Fig. 2. Phylogenetic affiliation and functional classification of genes encoding bacterial CAZymes and peptidases throughout the water column.
Taxonomic variability at the phylum level (class level for Proteobacteria) of genes encoding CAZymes (A) and peptidases (C); functional composition of genes encoding CAZymes (B) and peptidases (D). Color bars along x axes indicate samples from different depth: green, epipelagic; light blue, mesopelagic; dark blue, bathypelagic; sandy yellow, OMZ.
Fig. 3. Phylogenetic affiliation and functional classification of transcripts for gene encoding bacterial CAZymes and peptidases in the bathypelagic ocean.
Taxonomic variability at the phylum level (class level for Proteobacteria) of transcripts for genes encoding CAZymes (A) and peptidases (C); functional composition of transcripts for genes encoding CAZymes (B) and peptidases (D).
The metaproteome (endoproteome and exoproteome) analysis showed no clear depth stratification pattern (Fig. 4, A and C) and, similar to the metagenomic data, also identified Alphaproteobacteria, Gammaproteobacteria, and the unclassified bacterial group as the main contributors to the CAZyme and peptidase pool in the endoproteome (Fig. 4, A and C, left). However, Gammaproteobacteria accounted for ca. 75% of the secretory CAZyme and peptidase pool in the exoproteome (Fig. 4, A and C, right, and fig. S4). Bacteroidetes-affiliated CAZymes and peptidases (total and secretory) were also present throughout the water column, consistent with the metatranscriptome data. The high contribution of Gammaproteobacteria and the presence of Bacteroidetes-derived secretory enzymes in the exoproteome (Fig. 4, A and C, right) might indicate preferential utilization of POM by the bacterial community in the deep ocean (26, 27). As the concentration of sinking POM decreases exponentially toward bathypelagic waters, the expression of genes and the presence of proteins related to organic matter hydrolysis might indicate an autochthonous supply of POM in bathypelagic waters either from the nonsinking particle pool, chemoautotrophically produced organic matter, or injection of POM via the physical injection pump (4, 28, 29). Actually, it has been shown that there is a stable background concentration of neutrally buoyant or slow-sinking POM throughout the dark ocean’s water column (4, 22, 23).

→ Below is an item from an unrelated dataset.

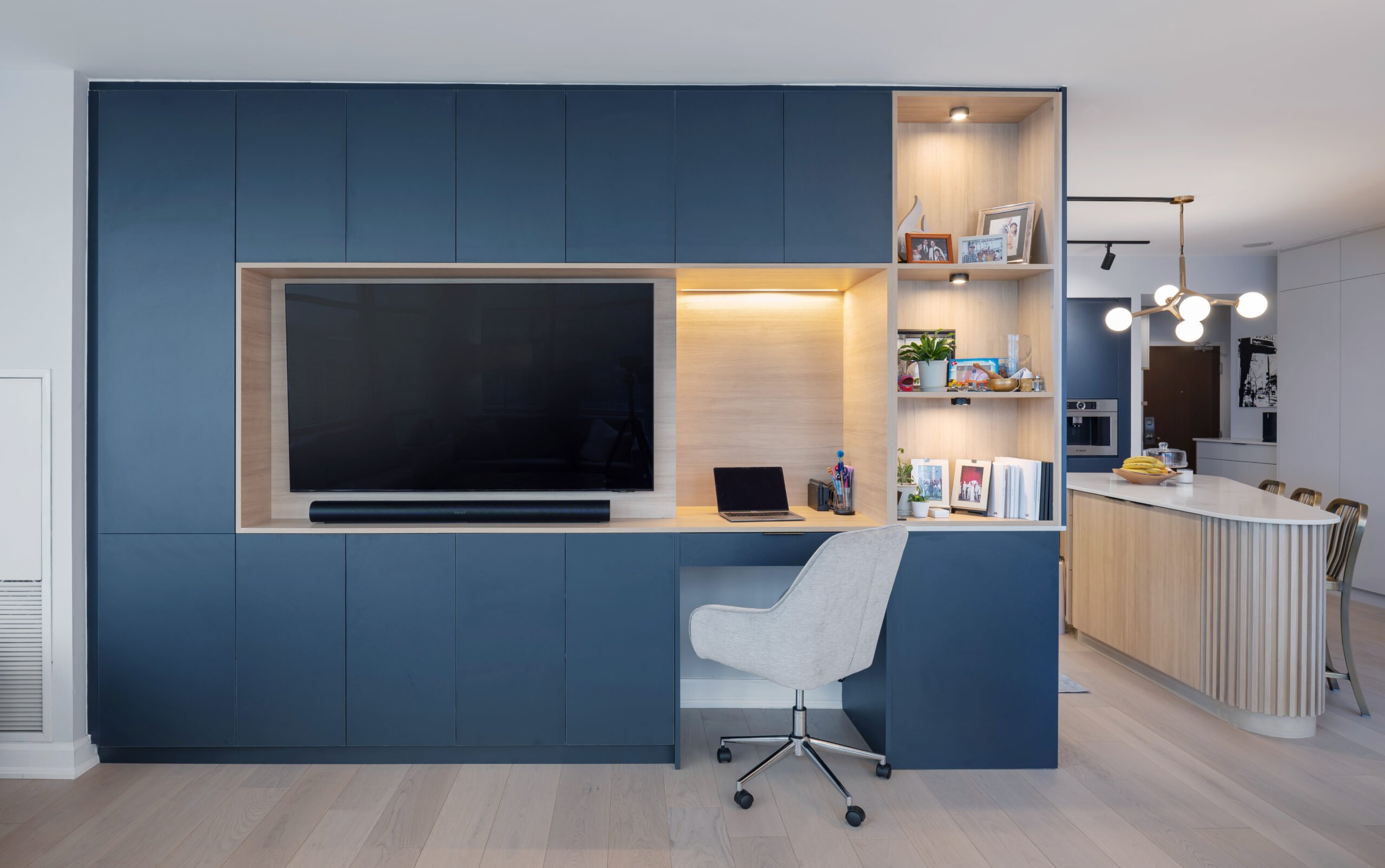 Millwork wraps around the kitchen to create a multi-purpose wall that is both a home office (with hidden storage) and an entertainment area for the family’s TV and books etc. By linking the kitchen and living room visually, the condo feels more spacious. “We created an interior landscape that follows from the kitchen to the living room with a massing that’s all one colour,” says Martin. “Within that, we created pockets that are articulated with flashes of different material — white oak or tile.”

Fig. 4. Phylogenetic affiliation and functional classification of bacterial CAZymes and peptidases throughout water column.
Taxonomic variability at the phylum level (class level for Proteobacteria) of CAZymes (A) and peptidases (C); functional composition of CAZymes (B) and peptidases (D). Color bars along x axes indicate samples from different depth: green, epipelagic; light blue, mesopelagic; dark blue, bathypelagic; sandy yellow, OMZ. Missing data are in white gap.

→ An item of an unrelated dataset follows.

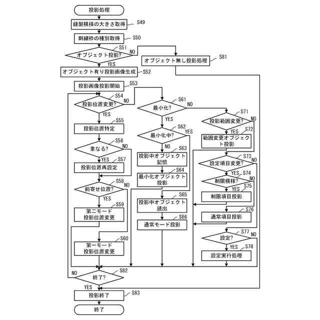 従来のミシンでは、縫製領域、刺繍枠、及び投影領域の形状によっては、設定オブジェクトを投影するスペースが十分に確保できない場合がある。したがって、従来のミシンでは、投影された設定オブジェクトの視認性が損なわれることがある。

The high contribution of Gammaproteobacteria (ca. 75%) to the secretory CAZyme and peptidase pool in the exoproteome did not significantly change with depth (fig. S4). This, together with the longer lifetime of extracellular enzymes in the deep versus surface waters, would imply an accumulation of cell-free enzymes in deep waters, consistent with the increase in the proportion of dissolved to total EEA with depth (10, 11). In contrast to the depth-stratified phylogenetic composition of the prokaryotic community, the composition of genes encoding specific enzymatic functions (both total and secretory) was remarkably stable throughout the water column (Fig. 2, B and D). This functional redundancy of microbes in terms of expressed total and secretory enzymes was also detected in the metaproteomic data (Fig. 4, B and D). It is also consistent with the conclusions obtained in a recent metaproteomic study on membrane-associated transporters of deep-sea prokaryotic communities (28).

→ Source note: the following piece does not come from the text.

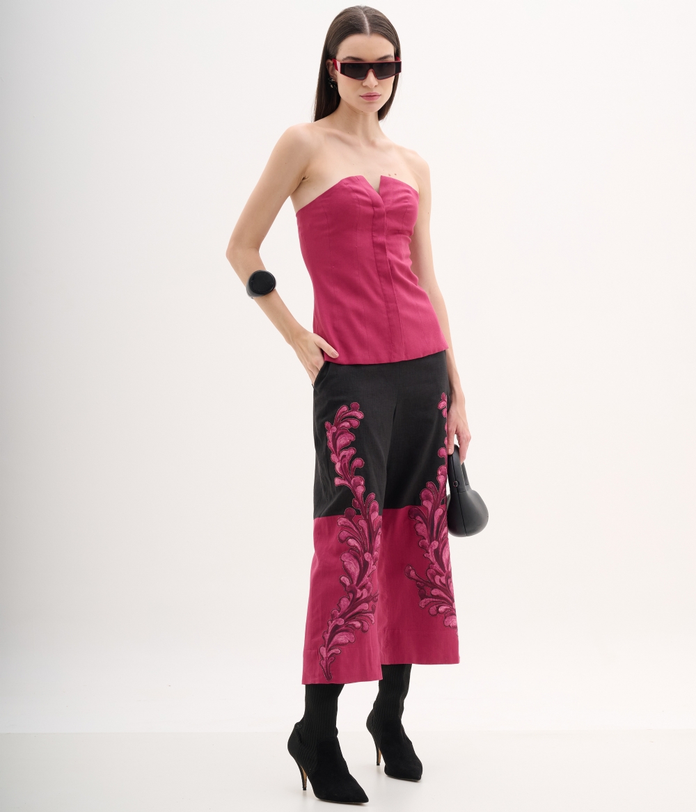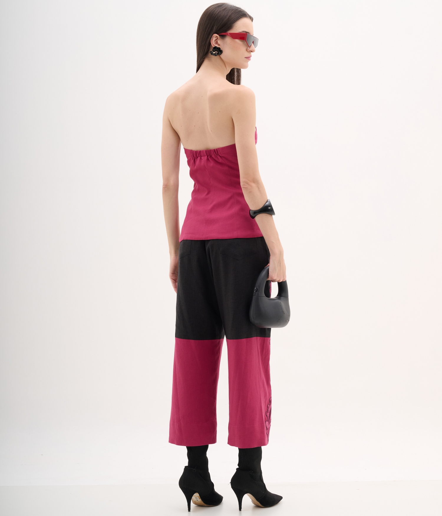 Conjunto sofisticado confeccionado em viscolinho encorpado, tecido leve, respirável e com caimento elegante. O top tomara-que-caia possui recorte central sutil e modelagem estruturada que valoriza o busto com modernidade.

Despite this apparent stability in the functional diversity of enzymes with depth, there were fundamental differences in the genes tentatively encoding the prevalent enzyme classes of total versus secretory enzymes. In the total CAZyme gene pool, the dominant CAZyme classes were glycosyl transferases (GTs; 37.3 ± 4.3%), glycoside hydrolases (GHs; 24.9 ± 2.0%), carbohydrate esterases (CEs; 18.2 ± 2.2%), carbohydrate-binding modules (CBMs; 9.3 ± 1.7%), and auxiliary activities (AAs; 5.9 ± 1.2%) (Fig. 2B, left). In the secretory CAZyme fraction, however, GTs (0.7 ± 1.0%), which catalyze the sugar bond formation of glycoside inside the cell, were almost absent and the AAs (1.1% ± 0.9%) low in abundance, while the degradative CAZymes, GHs (41.7 ± 8.2%), CEs (26.3 ± 4.8%) (i.e., the families GH23 and GH103, lytic transglucosylase; GH74, xyloglucanase; CE1, acetyl-xylan esterase; CE10, carboxyl esterase) and polysaccharide lyases (PLs; 6.5 ± 2.2%) were highly abundant (Fig. 2B, right, and table S2).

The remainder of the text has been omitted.